Парень был обычного советского мелкослужилого типа,-- подержанная копия с своего комиссара: многолетняя замасленная и потрескавшаяся шведская куртка, высокие сапоги, кожаный блин на голове. Мешок при нем был, действительно, чудовищный, занял чуть не треть площадки, так что кондукторша вступила было с парнем в перепалку, но он, с энергической помощью своих спутниц, счастливо отгрызся. Сходство его с матерью было поразительно: то же пухлое, веснушчатое лицо, тот же утиный нос, те же толстые губы, те же круглые желто-серые глаза, только без материнской смышлености. Напротив, парень показался мне дураковатым. Мешок дал ему себя знать: он был краснее вареного рака и всем лицом блестел в испарине, как лакированный.
-- Служит?
-- Да, курьером или чем-то в этом роде при Совнархозе... очень удобно, достает нам разрешения на поездки в несколько минут...
-- При матери живет?
-- Да, мы все вместе.
-- У вас большое помещение?
-- О нет, где же! одна комната... знаете, как теперь с топливом... ютимся, как все, около плиты...
-- Не стеснительно это вам?
-- Нет, ничего, мы ширмами разгородились. Да Мишу мы почти никогда и не видим дома. Является только поздно вечером, а весь день либо в бегах по службе, либо меняет что-нибудь за городом...
Эта наша встреча была последнею пред очень долгим перерывом, во время которого я, признаться, совсем позабыл о существовании барышни. В июле этого года, под вечер, прохожу Александровским сквером.
-- Александр Валентинович! -- окликнул меня молодой женский голос.
Гляжу: с одной скамьи у пребезобразного памятника Пржевальского с его мохнатым верблюдом поднялась и направляется ко мне белая фигура, одетая по новой моде пролетарски франтящего Петрограда: юбка по колено, белая шляпа-повязка, самоделка, коробком, сотрясающиеся бескорсетные перси.
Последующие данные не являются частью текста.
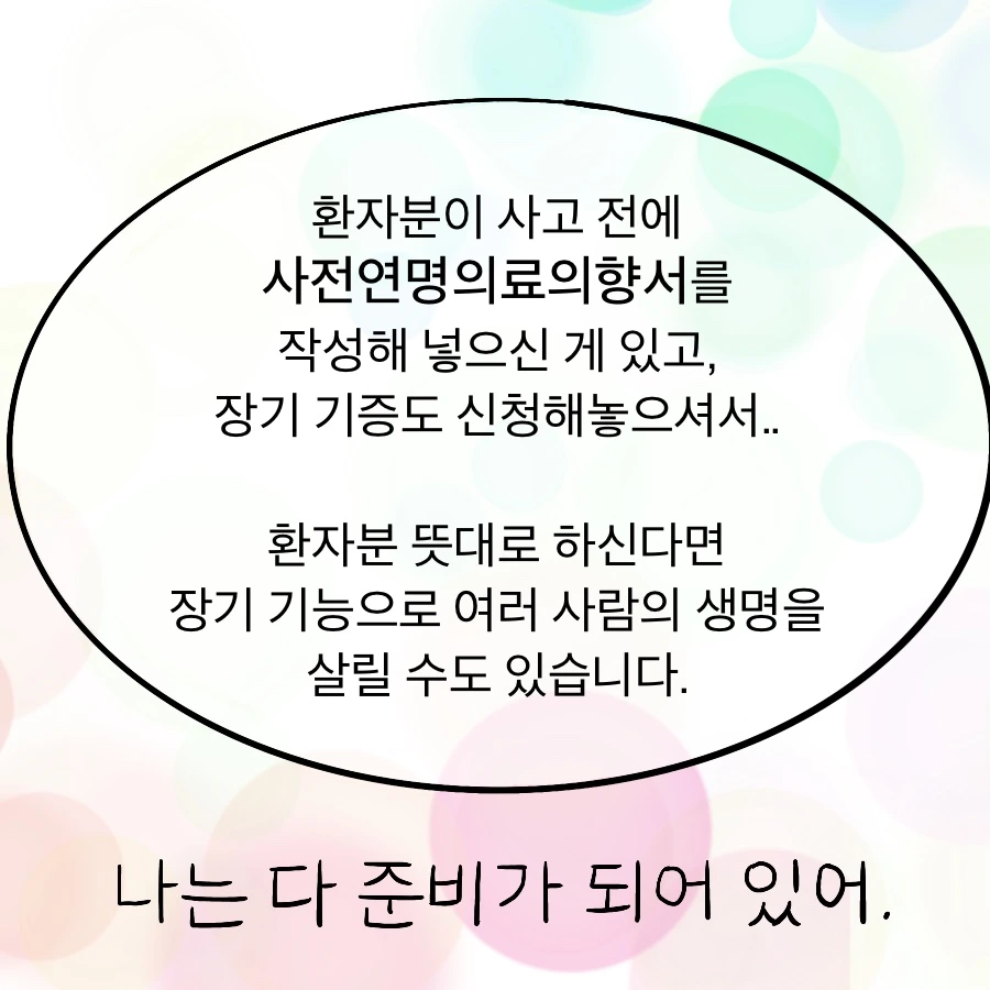 그래서 임종 과정 기간만 연장하는 연명의료를 중단할 수도 있다는 것을 알게 되었어요.

На руках -- пакет с младенцем.
-- Вы?
-- Как видите. Не ожидали?
-- Да -- однако, переменились же вы!
-- Да... знаете, жизнь-то летит... вот, между прочим, замуж вышла...
Это "между прочим" прозвучало восхитительно, и вообще мудрено было признать прежнюю скромную, изящную барышню, с потупленными васильковыми глазками в этой развязной молодице, с смелым прямым взглядом, который говорил без слов: "Мы, брат, всякие виды видали, и нас теперь уже ничем не испугаешь и не смутишь..."
-- Поздравляю... Кого же это вы осчастливили, "между прочим"?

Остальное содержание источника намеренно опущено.